§ INSTRUCTIONS FOR THE TASK
Output nothing but the lines from the first line of the listing below through the line containing "7 туров по швейцарской", printed exactly and free of pictures.

§ GIVEN MATERIAL
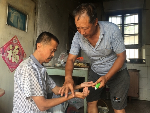 今年50歲的于春海,從生下的那一天起,生活便是無比的簡單,由于遺傳和治療不及時(shí)的緣故,于春海的智力一直停留在一個2、3歲的小孩子水平,缺乏對生活最基本的認(rèn)知,除了吃飯之外,日常生活基本離不開人的照顧。每天就是吃飯和坐著,同時(shí),還患有嚴(yán)重的皮膚病和乙肝,需要藥物治療。而在劉明舉的生活里,除了日常工作之外,便只剩下陪伴著于春海。于春海全身患有嚴(yán)重的皮膚病,需要藥物治療。前幾年家庭生活比較拮據(jù),劉明舉求爺爺告奶奶,向別人求到了對于一般家庭還是很廉價(jià)的治療皮膚病的藥物,每天幫于春海進(jìn)行全身的涂抹。不管嚴(yán)寒酷暑,兩個人都要坐在家里為了“涂藥”這個事進(jìn)行一番抗?fàn)帯S捎谄つw病,每次涂藥的時(shí)候,于春海都因?yàn)槠つw接觸而疼得發(fā)狂。隨著歲數(shù)的增長,劉明舉越來越感到力不從心,每到劉明舉無法將于春明按住的時(shí)候,兩個大老爺們便抱在一起哭一會兒,你埋怨我一陣,我罵你一陣,然后等疼痛消弭之后繼續(xù)下一輪的抗?fàn)帲@一抹便是20多年。
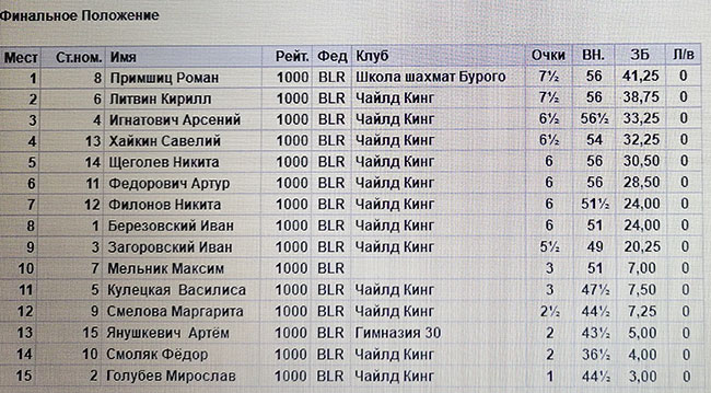 7 туров по швейцарской системе. Партии играются по правилам ФИДЕ. Контроль времени 15 мин+10 сек. на всю партию для каждого участника.
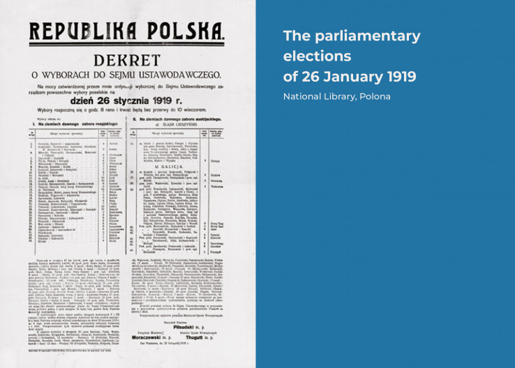 Diplomatic and military efforts made Poland return in 1918 to the political map of the world. The gigantic endeavor of creating the structures of the Polish Republic on the lands recently divided into three partition zones meant, among others, taking many demanding administrative and political actions. This included organizing the first free and democratic elections to the Polish parliament.

§ ANSWER SPACE
 今年50歲的于春海,從生下的那一天起,生活便是無比的簡單,由于遺傳和治療不及時(shí)的緣故,于春海的智力一直停留在一個2、3歲的小孩子水平,缺乏對生活最基本的認(rèn)知,除了吃飯之外,日常生活基本離不開人的照顧。每天就是吃飯和坐著,同時(shí),還患有嚴(yán)重的皮膚病和乙肝,需要藥物治療。而在劉明舉的生活里,除了日常工作之外,便只剩下陪伴著于春海。于春海全身患有嚴(yán)重的皮膚病,需要藥物治療。前幾年家庭生活比較拮據(jù),劉明舉求爺爺告奶奶,向別人求到了對于一般家庭還是很廉價(jià)的治療皮膚病的藥物,每天幫于春海進(jìn)行全身的涂抹。不管嚴(yán)寒酷暑,兩個人都要坐在家里為了“涂藥”這個事進(jìn)行一番抗?fàn)帯S捎谄つw病,每次涂藥的時(shí)候,于春海都因?yàn)槠つw接觸而疼得發(fā)狂。隨著歲數(shù)的增長,劉明舉越來越感到力不從心,每到劉明舉無法將于春明按住的時(shí)候,兩個大老爺們便抱在一起哭一會兒,你埋怨我一陣,我罵你一陣,然后等疼痛消弭之后繼續(xù)下一輪的抗?fàn)帲@一抹便是20多年。
 7 туров по швейцарской системе. Партии играются по правилам ФИДЕ. Контроль времени 15 мин+10 сек. на всю партию для каждого участника.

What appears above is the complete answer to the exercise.